Flaherty faces five choices on EI

TheStar.com – Opinion – Flaherty faces five choices on EI
January 12, 2009. Carol Goar

Canada’s employment insurance system is outdated, inequitable, stingy and at serious risk of insolvency in a protracted economic downturn.

The dilemma facing Finance Minister Jim Flaherty, should he decide to fix it, is figuring out which problem to tackle first.

He is not short of advice. Business lobbyists, union officials, municipal leaders, economists and social activists have all put forward their prescriptions in the run-up to this month’s budget.

But Flaherty can’t say yes to everybody. Even if he were to make significant investment in jobless benefits – say $3 billion – he’d have to set priorities. The damage done by 30 years of cutting and dismantling can’t be undone in one budget.

The finance minister has five basic options:

Extend coverage to the millions of workers who don’t qualify for employment insurance (EI) benefits.

Under the current rules, only 54 per cent of Canadians who lose their jobs can tap into the $17 billion fund. The rest either haven’t worked enough hours in the previous year to qualify for benefits or don’t have enough insurable earnings (anyone who is self-employed would fall into this category).

Loosening the eligibility criteria would have three principal benefits: It would provide immediate relief to the most vulnerable members of the workforce, it would head off a massive increase in municipal welfare applications, and it would put money in the hands of those most likely to spend it.

There are two main drawbacks: It would be expensive and it wouldn’t create jobs.

• Raise EI benefits.

Recipients are now entitled to 55 per cent of their insurable earnings. The replacement rate has been ratcheted back repeatedly. In the 1970s, it was 66 per cent; in the 1980s, it fell to 60 per cent; in the early 1990s it was reduced to 57 per cent; in 1994, it was chopped by two more percentage points.

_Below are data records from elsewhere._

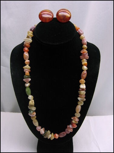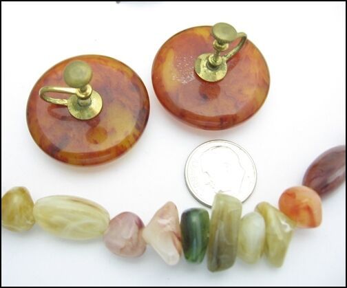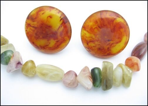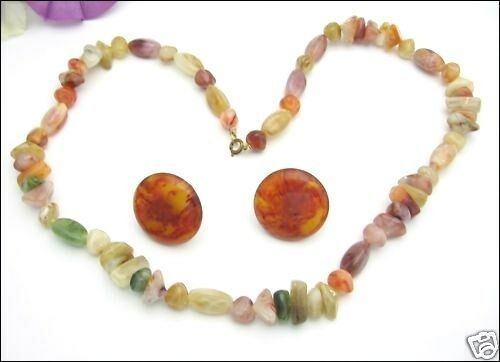 FAUX STONE Imitation NECKLACE Vintage BEAD Screw Back EARRINGS Browns Greens
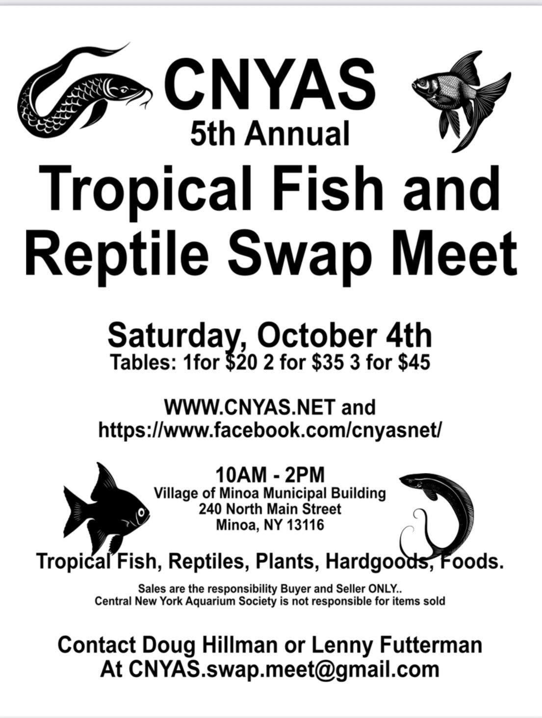 CNYAS 5th Annual Tropical Fish & Reptile Swap Meet - 10/4/2025
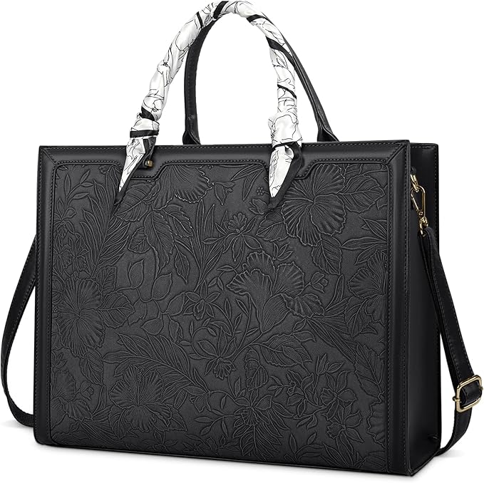 Laptop Bag for Women 15.6 Inch Tote Waterproof Leather Computer Business Lightweight Office Briefcase Large Capacity Handbag Shoulder Black

Reversing this slide would help the unemployed, while bolstering consumer spending. But it would provoke resistance from hard-line Conservatives, who believe poverty provides a strong incentive to find work.

• Cut EI premiums.

Employees pay $1.73 for every $100 they earn to a maximum of $731.79. Employers pay $2.42 per $100 to a maximum of $1,024.51 per worker.

Allowing those with jobs to keep more of their paycheque could boost consumer spending (but only if their employment was secure). Giving employers a payroll tax break might encourage hiring (but only if business conditions were right). Given the room for leakage, the impact would probably be modest.

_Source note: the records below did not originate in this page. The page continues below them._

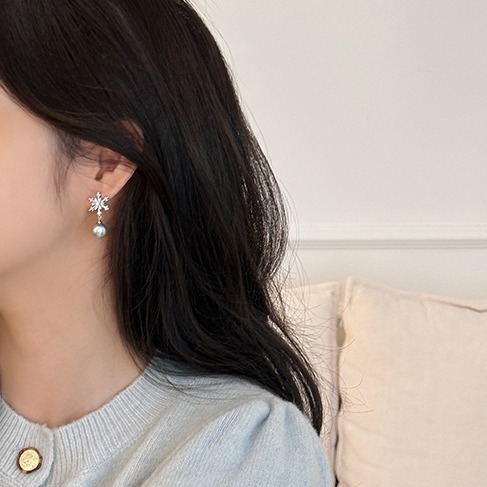 冬季圣诞微镶雪花珍珠耳环S925银针施家灰色珍珠耳坠精致高级感
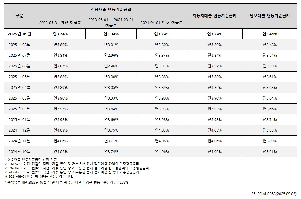 2025년 08월 변동 기준 금리 공시 안내
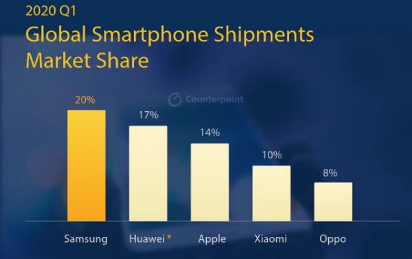 近期,据Counterpoint最新发布的调研报告数据显示,2020年一季度全球销量前五的依次是:三星、华为、苹果、小米、OPPO。其中,华为再次在单季战胜苹果,成为全球智能手机出货量亚军。
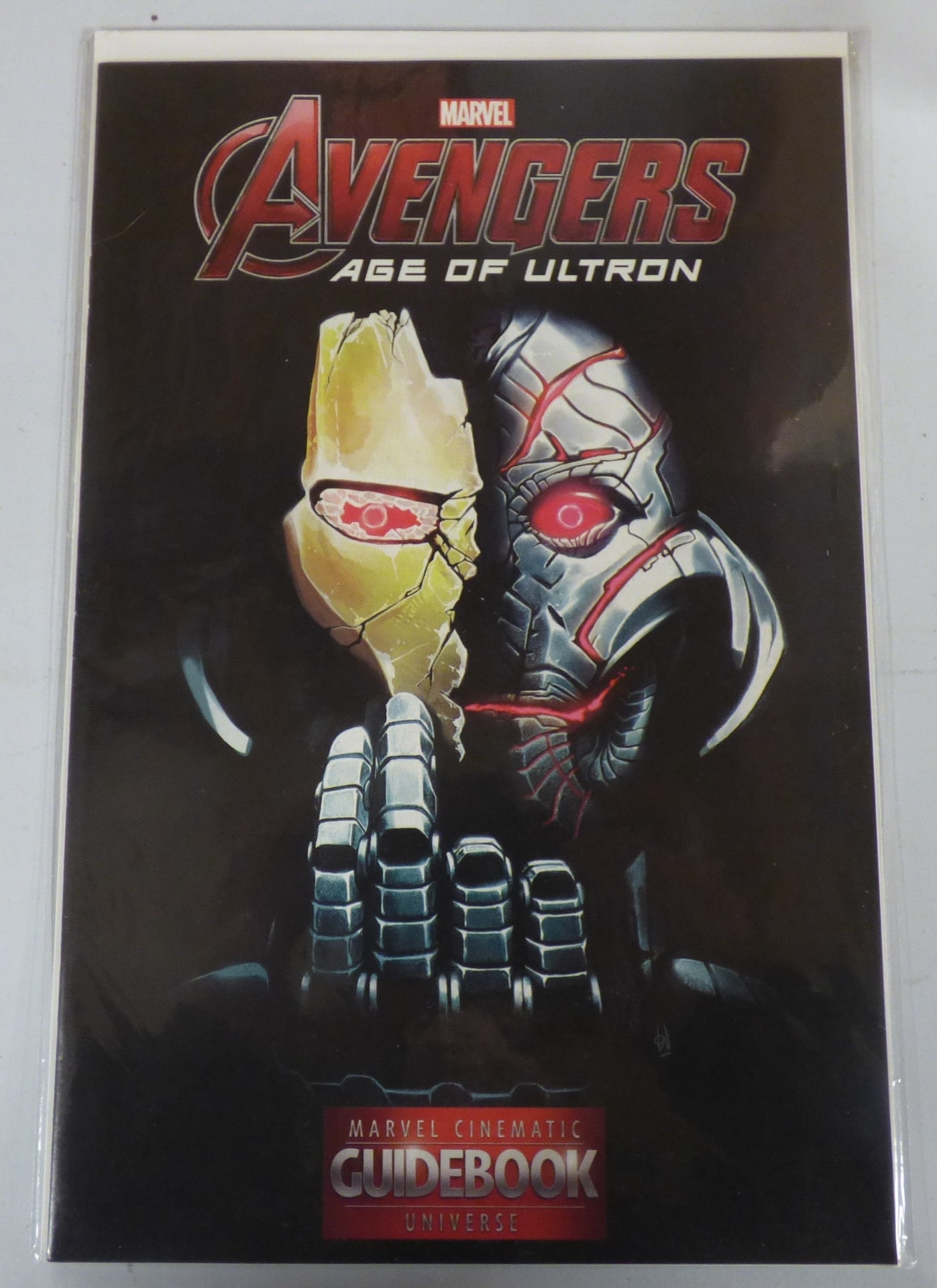 A Marvel Cinematic Universe Guidebook for ‘Avengers Age of Ultron’ with a dark cover featuring a split gold and silver metallic face.

• Rectify the regional disparities in EI.

The average EI payment in Ontario last year was $5,120. The average in Saskatchewan, despite its resource boom, was $8,000. The average in Newfoundland, which rode a wave of oil wealth, was $18,490.

The reason for these discrepancies is that Ottawa bases a person’s entitlement on the regional job market. If an area’s employment rate has traditionally been low, a person has to work longer to qualify for benefits and find a job faster.

Adopting a uniform rate structure would alleviate the distress in the industrial heartland and get rid of an inequitable allocation formula. But it would hurt seasonal workers and chronically depressed parts of the country.

• Improve accessibility to retraining

Under the Employment Insurance Act, anyone who opts for retraining after losing his or her job must continue to search for work in order to receive benefits, even if it means dropping out. The only way around this rule is to be referred to a training course by the federal government or one of its designated agents. Even then, the individual has to pay for the program.

Equipping laid-off workers with the skills to find work would make both economic and social sense. But Flaherty would have to create space within Canada’s crowded post-secondary institutions.

The best choice, if the government’s chief objective is to keep cash circulating in the short-term, is to make EI benefits available to anyone who pays into the fund.

The best choice, if its primary goal is to build for the future, is to invest in retraining.

After years of deterioration, employment is finally getting the attention it deserves.

What is still needed is an informed debate about how to do the greatest good for the most Canadians.